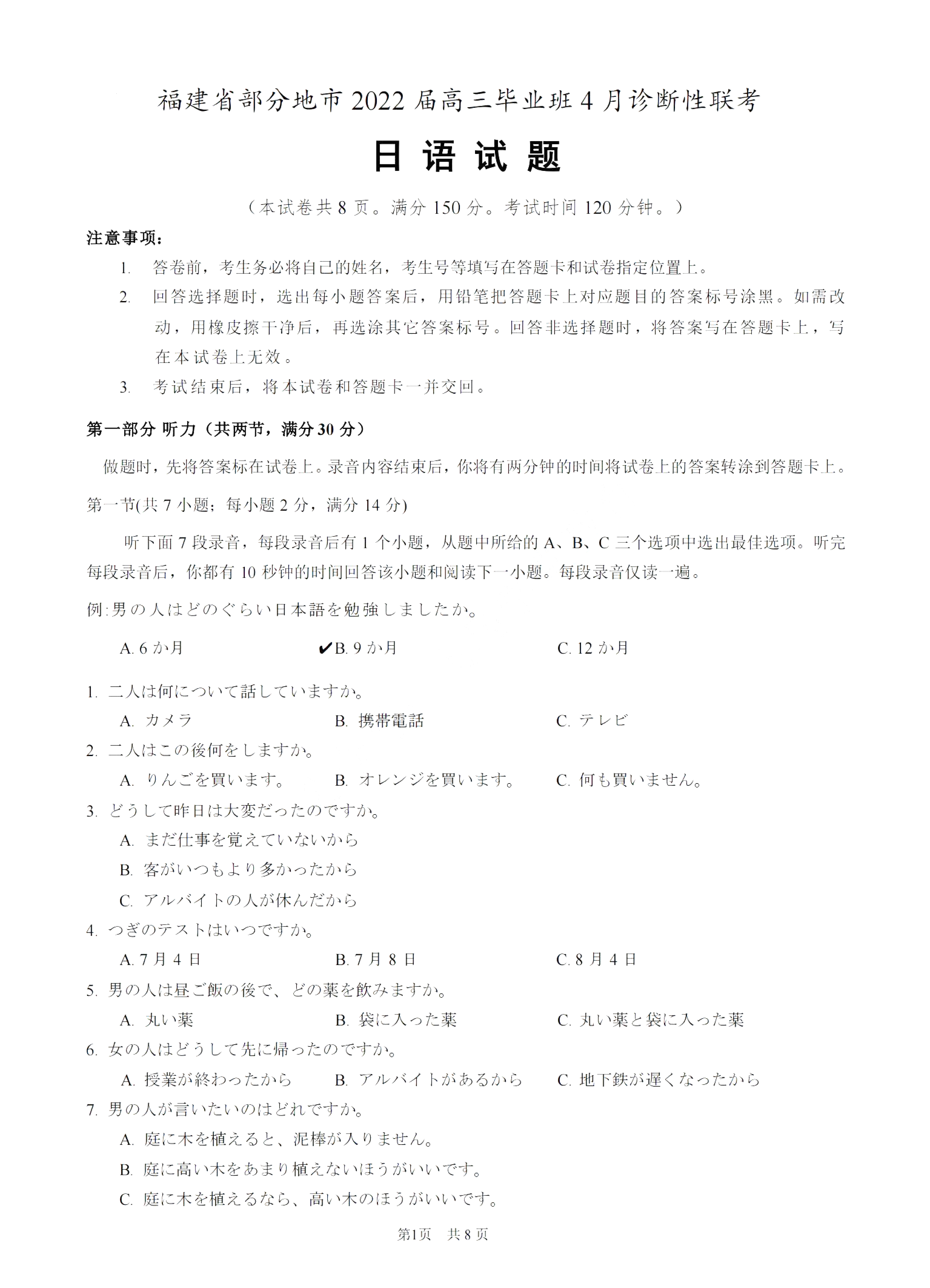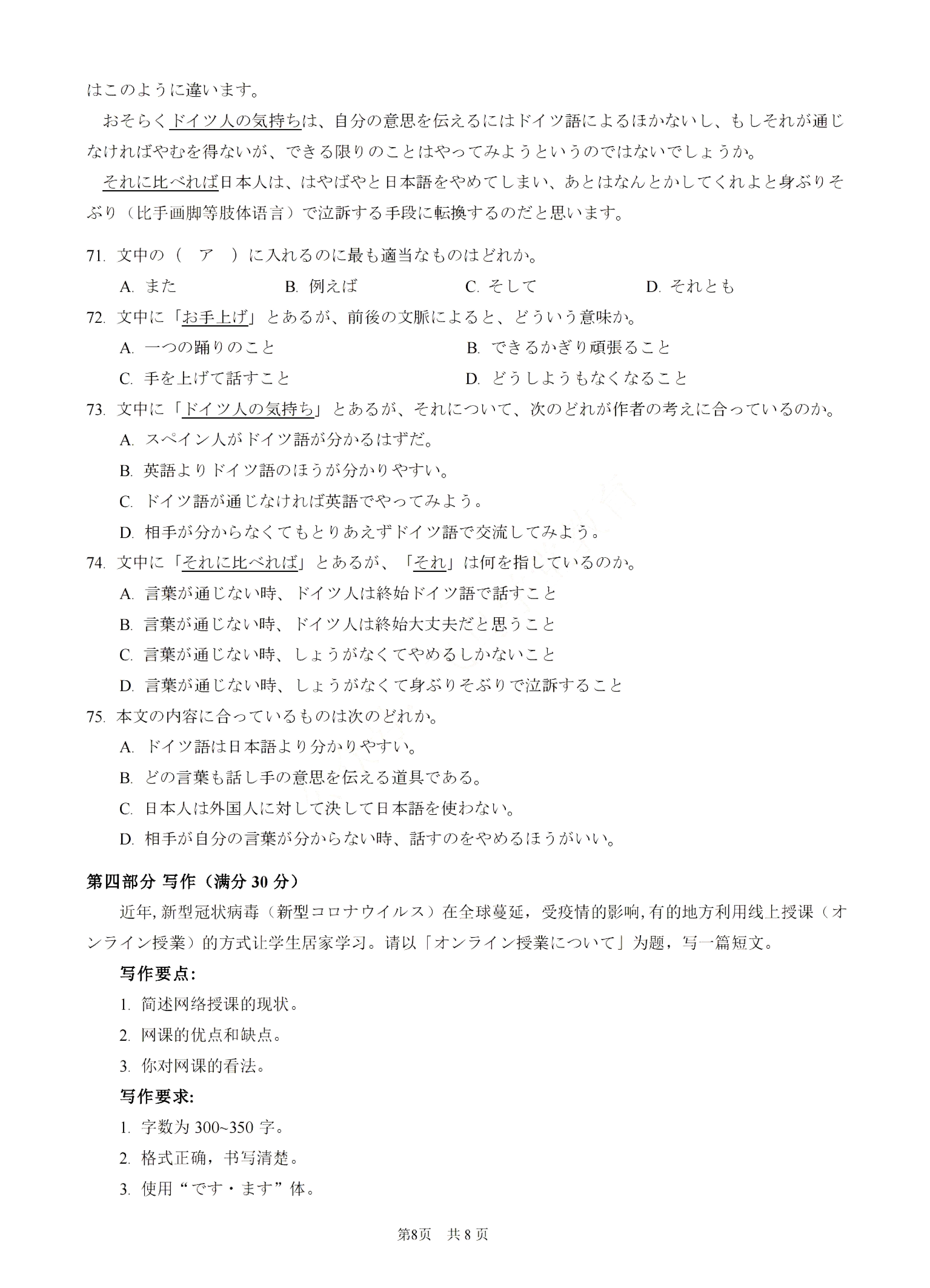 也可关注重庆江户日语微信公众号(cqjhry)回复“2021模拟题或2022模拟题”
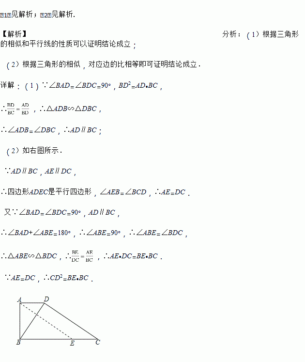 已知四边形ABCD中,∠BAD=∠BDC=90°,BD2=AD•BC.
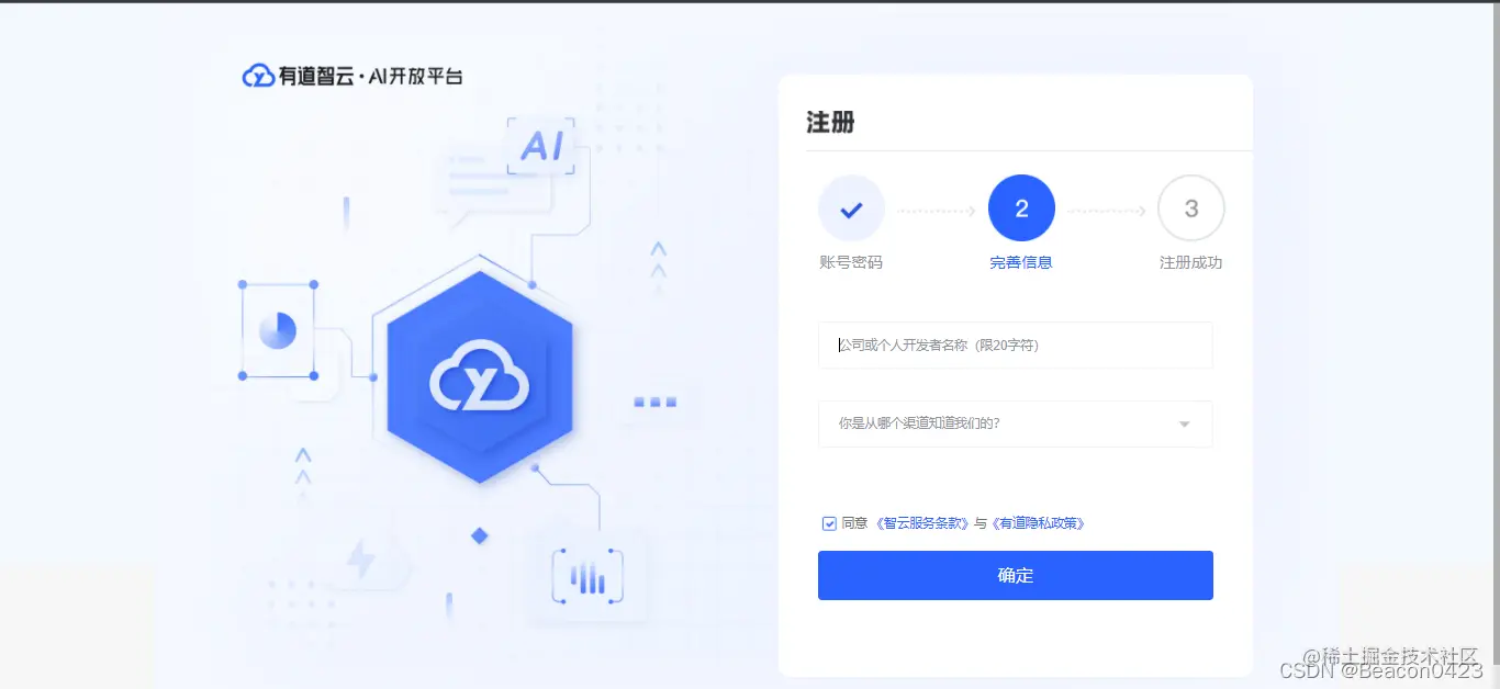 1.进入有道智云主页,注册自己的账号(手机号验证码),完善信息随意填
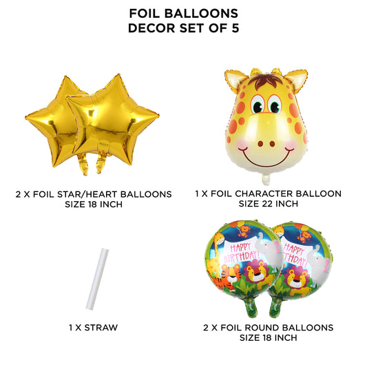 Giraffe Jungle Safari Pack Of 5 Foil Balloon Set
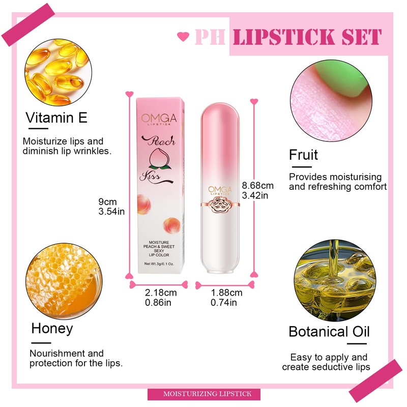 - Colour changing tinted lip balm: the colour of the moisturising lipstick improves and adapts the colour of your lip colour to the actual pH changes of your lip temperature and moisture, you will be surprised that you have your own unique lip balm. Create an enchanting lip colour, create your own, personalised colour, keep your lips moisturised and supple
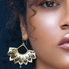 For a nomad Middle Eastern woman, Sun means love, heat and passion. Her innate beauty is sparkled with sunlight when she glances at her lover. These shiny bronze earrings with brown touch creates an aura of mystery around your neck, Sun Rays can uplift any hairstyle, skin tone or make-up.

→ WORK ORDER: For this exercise, retype the listing above word for word and omit the pictures.

→ THE ANSWER:
 也可关注重庆江户日语微信公众号(cqjhry)回复“2021模拟题或2022模拟题”
 已知四边形ABCD中,∠BAD=∠BDC=90°,BD2=AD•BC.
 1.进入有道智云主页,注册自己的账号(手机号验证码),完善信息随意填
 Giraffe Jungle Safari Pack Of 5 Foil Balloon Set
 - Colour changing tinted lip balm: the colour of the moisturising lipstick improves and adapts the colour of your lip colour to the actual pH changes of your lip temperature and moisture, you will be surprised that you have your own unique lip balm. Create an enchanting lip colour, create your own, personalised colour, keep your lips moisturised and supple
 For a nomad Middle Eastern woman, Sun means love, heat and passion. Her innate beauty is sparkled with sunlight when she glances at her lover. These shiny bronze earrings with brown touch creates an aura of mystery around your neck, Sun Rays can uplift any hairstyle, skin tone or make-up.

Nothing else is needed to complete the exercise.